- [ASSIGNMENT]: Print out each entry below exactly; do not carry over any image.

[Collected data]
· · · ·

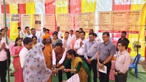 संचालनालाय आयुष रायपुर छ ग के आदेशनुसार जिला आयुष अधिकारी डॉ गौराहा के मार्गदर्शन में जिलास्तरीय आयुष स्वास्थ्य मेला का आयोजन गढउमरिया में किया गया। प्रातः 10 बजे भगवान धनवंतरी की विधिवत पूजा अर्चना कर पुसौर जनपद अध्यक्ष श्रीमती हेमलता चौहान,डी डी सी श्रीमती भगवती डोलनारायण नायक, सरपंच नित्यानंद यादव, गणमान्य नागरिक दुलार साहू ने मेला का शुभ आरंभ किये।आयुर्वेद जन-जन के लिए, पृथ्वी के कल्याण के लिए की थीम पर इस वर्ष शिविर का आयोजन किया गया। इसी लिए यह शिविर पहली बार जिला मुख्यालय से बाहर माननीय वित्त मंत्री श्री ओ पी चौधरी जी के विधान सभा क्षेत्र के सबसे बड़े गांव गढ़ उमरिया में आयोजित किया गया। शिविर प्रभारी डॉ नीरज मिश्रा ने आयुर्वेद की वैज्ञानिकता एवं उपयोगिता पर प्रकाश डाला। शिविर् का उद्देश्य लोगों को स्वास्थ्य सुविधा देना एवं स्वस्थ जीवन जीने के लिए प्रेरित करना।आयुर्वेद चिकित्सा पद्धति बहुत ही प्राचीन है। जिसका कोई साइड इफेक्ट्स नहीं होते हैं एवं रोग जड़ से समाप्त होते हैं। शासन आयुर्वेद पद्धति अपनाने के लिए कई प्रकार की योजना चला रही है जिसे आयुष विभाग आम जनता तक पहुँचाने में लगे हैं।जिले में पंच कर्म द्वारा लोगों का इलाज की प्रचलन दिनों दिन बढ़ती जा रही है। शिविर में 855 रोगियों को उपचार कर निशुल्क औषधि वितरण किया। जिसमें आयुर्वेद पद्धति से740 एवं होमियोपैथि पद्धति से 115 रोगियों का उपचार हुआ। 175 लोगों का रक्त परीक्षण किया गया।शिविर स्थल पर सभी लोगों को रोग प्रतिरोधक गुडचयदि काढा पिलाया गया।नेत्र परीक्षण,आयुष्मान कार्ड बनाने की भी व्यवस्था रखी गई। शिविर स्थल पर विभिन्न आयुर्वेदिक विषयों पर आधारित पाम्पलेट जैसे-उच्च रक्तचाप, मधुमेह, वातरोग, ऋतुचर्या, योगाभ्यास आदि का वितरण किया गया एवं प्रदर्शनी के माध्यम से आमजन को जागरूक किया गया।शिविर में मुख्यतः डॉ.कुणाल पटेल, डॉ.अजय नायक, डॉ.प्रियंका नायक,
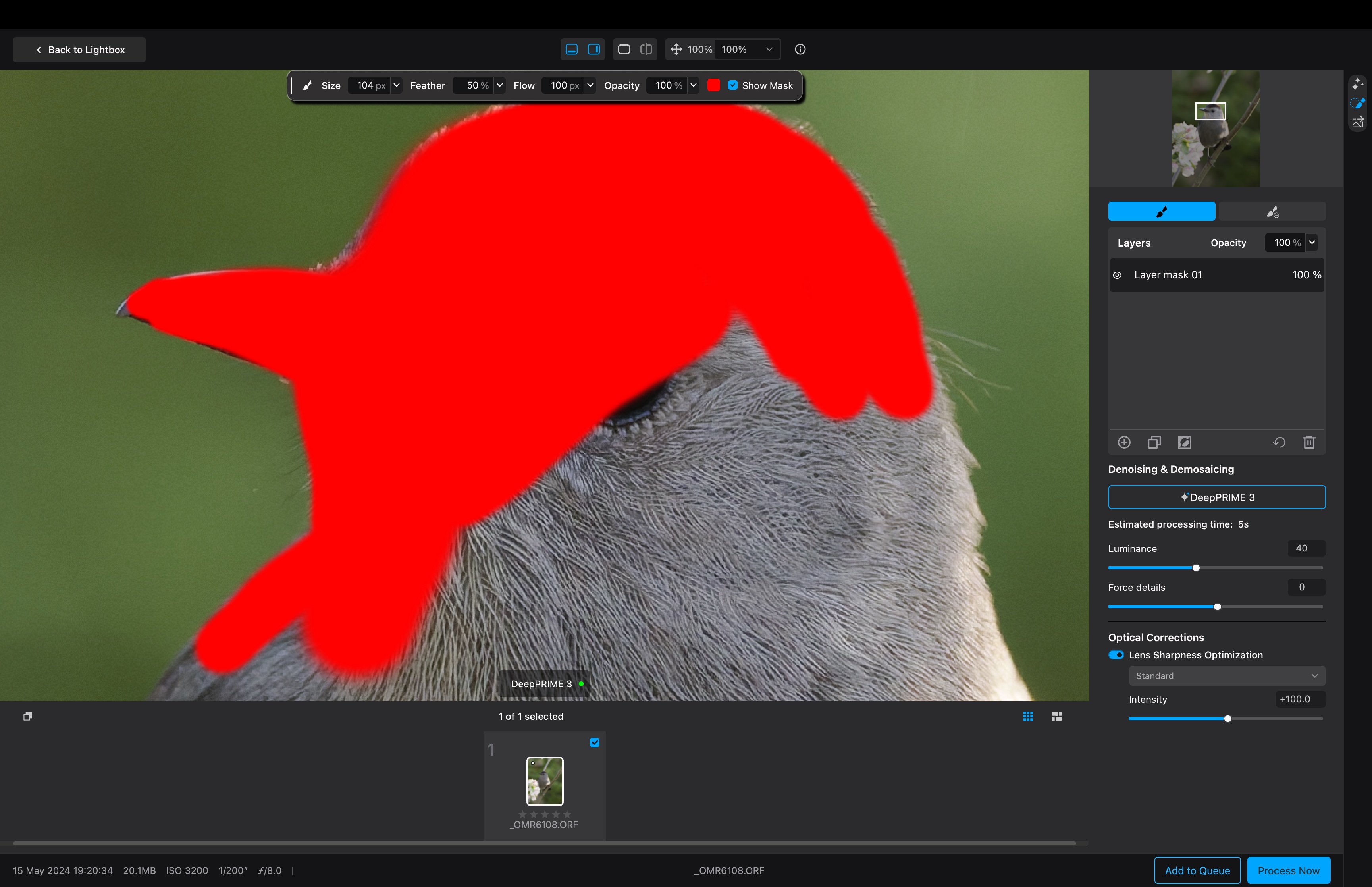The other issue with DxO PureRAW 5 is that, when painting in the mask, you can only set the view to either full or to 100%, nothing in between. I wanted 50%, to see more of the bird as I masked it, but nope, it was all or nothing, at least up on the settings bar at the top. I subsequently discovered I could un-pinch on my trackpad to zoom in. Okay, so other viewing options are available, but why not just have a selection of viewing %s in the top bar, say 25%, 50%, 67%?
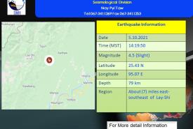 အင်အား ရစ်(ခ်)တာစကေး (၄.၅)အဆင့်ရှိ မြေငလျင်တစ်ခု လှုပ်ရှား
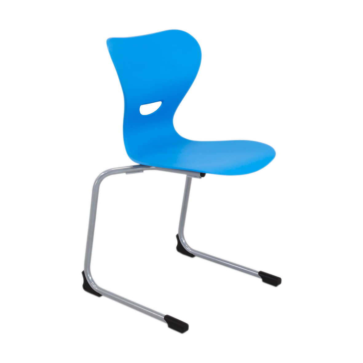 Stapelbarer Freischwinger Schülerstuhl mit ergonomisch geformter Kunststoff Sitzschale, mit Griffloch
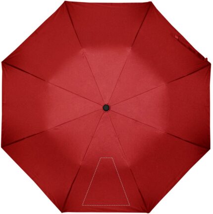 21 inch 2 fold auto open umbrella in 190T pongee with zinc plated steel shaft, ribs and tips. Black rubberised ABS handle. Includes matching pouch. Manual closure.

· · · ·

- [TASK SOLUTION]:
 संचालनालाय आयुष रायपुर छ ग के आदेशनुसार जिला आयुष अधिकारी डॉ गौराहा के मार्गदर्शन में जिलास्तरीय आयुष स्वास्थ्य मेला का आयोजन गढउमरिया में किया गया। प्रातः 10 बजे भगवान धनवंतरी की विधिवत पूजा अर्चना कर पुसौर जनपद अध्यक्ष श्रीमती हेमलता चौहान,डी डी सी श्रीमती भगवती डोलनारायण नायक, सरपंच नित्यानंद यादव, गणमान्य नागरिक दुलार साहू ने मेला का शुभ आरंभ किये।आयुर्वेद जन-जन के लिए, पृथ्वी के कल्याण के लिए की थीम पर इस वर्ष शिविर का आयोजन किया गया। इसी लिए यह शिविर पहली बार जिला मुख्यालय से बाहर माननीय वित्त मंत्री श्री ओ पी चौधरी जी के विधान सभा क्षेत्र के सबसे बड़े गांव गढ़ उमरिया में आयोजित किया गया। शिविर प्रभारी डॉ नीरज मिश्रा ने आयुर्वेद की वैज्ञानिकता एवं उपयोगिता पर प्रकाश डाला। शिविर् का उद्देश्य लोगों को स्वास्थ्य सुविधा देना एवं स्वस्थ जीवन जीने के लिए प्रेरित करना।आयुर्वेद चिकित्सा पद्धति बहुत ही प्राचीन है। जिसका कोई साइड इफेक्ट्स नहीं होते हैं एवं रोग जड़ से समाप्त होते हैं। शासन आयुर्वेद पद्धति अपनाने के लिए कई प्रकार की योजना चला रही है जिसे आयुष विभाग आम जनता तक पहुँचाने में लगे हैं।जिले में पंच कर्म द्वारा लोगों का इलाज की प्रचलन दिनों दिन बढ़ती जा रही है। शिविर में 855 रोगियों को उपचार कर निशुल्क औषधि वितरण किया। जिसमें आयुर्वेद पद्धति से740 एवं होमियोपैथि पद्धति से 115 रोगियों का उपचार हुआ। 175 लोगों का रक्त परीक्षण किया गया।शिविर स्थल पर सभी लोगों को रोग प्रतिरोधक गुडचयदि काढा पिलाया गया।नेत्र परीक्षण,आयुष्मान कार्ड बनाने की भी व्यवस्था रखी गई। शिविर स्थल पर विभिन्न आयुर्वेदिक विषयों पर आधारित पाम्पलेट जैसे-उच्च रक्तचाप, मधुमेह, वातरोग, ऋतुचर्या, योगाभ्यास आदि का वितरण किया गया एवं प्रदर्शनी के माध्यम से आमजन को जागरूक किया गया।शिविर में मुख्यतः डॉ.कुणाल पटेल, डॉ.अजय नायक, डॉ.प्रियंका नायक,
The other issue with DxO PureRAW 5 is that, when painting in the mask, you can only set the view to either full or to 100%, nothing in between. I wanted 50%, to see more of the bird as I masked it, but nope, it was all or nothing, at least up on the settings bar at the top. I subsequently discovered I could un-pinch on my trackpad to zoom in. Okay, so other viewing options are available, but why not just have a selection of viewing %s in the top bar, say 25%, 50%, 67%?
 အင်အား ရစ်(ခ်)တာစကေး (၄.၅)အဆင့်ရှိ မြေငလျင်တစ်ခု လှုပ်ရှား
 Stapelbarer Freischwinger Schülerstuhl mit ergonomisch geformter Kunststoff Sitzschale, mit Griffloch
 21 inch 2 fold auto open umbrella in 190T pongee with zinc plated steel shaft, ribs and tips. Black rubberised ABS handle. Includes matching pouch. Manual closure.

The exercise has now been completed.